Miles Teller insists there is an "extra obligation" for actors when they are playing real people.
The 30-year-old actor is currently starring as real-life heroin addict turned firefighter Brendan McDonough in new movie ‘Only the Brave’.
McDonough was the sole survivor of the 2013 Yarnell Hill Fire in Arizona which took the lives of 19 City of Prescott firefighters.
When making the movie, Teller became good friends with McDonough and he realised he had a duty to tell his story in a truthful and honest way.
Speaking to The I Paper, Teller said: "There’s an extra obligation when you’re playing a real person. Friendship isn’t a requirement; it’s not by playing a person that we’re gonna be friends. But I’ve been lucky to get to know some pretty incredible people and, for me, it doesn’t stop when filming is done."

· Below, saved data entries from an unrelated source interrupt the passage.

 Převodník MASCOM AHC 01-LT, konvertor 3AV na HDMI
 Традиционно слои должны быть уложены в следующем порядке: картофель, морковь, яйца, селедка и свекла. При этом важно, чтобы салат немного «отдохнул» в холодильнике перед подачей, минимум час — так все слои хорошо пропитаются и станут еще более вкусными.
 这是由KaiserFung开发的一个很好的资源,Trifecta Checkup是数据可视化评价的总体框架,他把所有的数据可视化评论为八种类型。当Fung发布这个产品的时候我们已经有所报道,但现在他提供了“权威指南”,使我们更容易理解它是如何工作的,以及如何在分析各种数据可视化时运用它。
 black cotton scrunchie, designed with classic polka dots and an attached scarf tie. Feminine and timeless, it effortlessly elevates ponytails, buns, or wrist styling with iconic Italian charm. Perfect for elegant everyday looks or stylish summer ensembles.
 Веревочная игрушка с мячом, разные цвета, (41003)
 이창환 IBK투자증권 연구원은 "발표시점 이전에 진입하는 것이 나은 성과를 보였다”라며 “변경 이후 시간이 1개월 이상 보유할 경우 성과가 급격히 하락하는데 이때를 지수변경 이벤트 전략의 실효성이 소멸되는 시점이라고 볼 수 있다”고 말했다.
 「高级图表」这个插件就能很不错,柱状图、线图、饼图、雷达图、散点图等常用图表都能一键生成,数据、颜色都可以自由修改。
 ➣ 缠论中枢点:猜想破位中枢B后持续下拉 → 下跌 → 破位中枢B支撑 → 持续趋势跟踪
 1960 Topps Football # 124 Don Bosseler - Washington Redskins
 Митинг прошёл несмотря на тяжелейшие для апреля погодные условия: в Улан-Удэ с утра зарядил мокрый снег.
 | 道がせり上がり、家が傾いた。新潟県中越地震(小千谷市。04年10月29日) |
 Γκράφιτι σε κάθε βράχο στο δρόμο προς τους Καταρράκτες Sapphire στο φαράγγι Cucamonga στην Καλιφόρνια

Tellers – who stars alongside Josh Brolin in ‘Only the Brave’ – had to go through a boot camp, similar to what McDonough did himself to join the fire rescue service, and he found it inspiring that this man did the training while coming off heroin.
He said: "Brendan was the source for me on that. It’s not something he is proud of, but he made it through hotshot boot camp while detoxing off some heavy drugs. I went through a version of that boot camp and came into it healthy – and it was still pretty tough."
The firefighters were given the nickname "hotshots" which in the name given to top wildland firefighters and filmmaker Joseph Kosinski said the way "they fight fires is very different".
Kosinski said: "The way they fight fires is very different: they don’t carry water; they fight fire with fire.
"They dig lines and cut down trees and try to establish a border. They light fires, back burns, that they use to battle against the wildfire."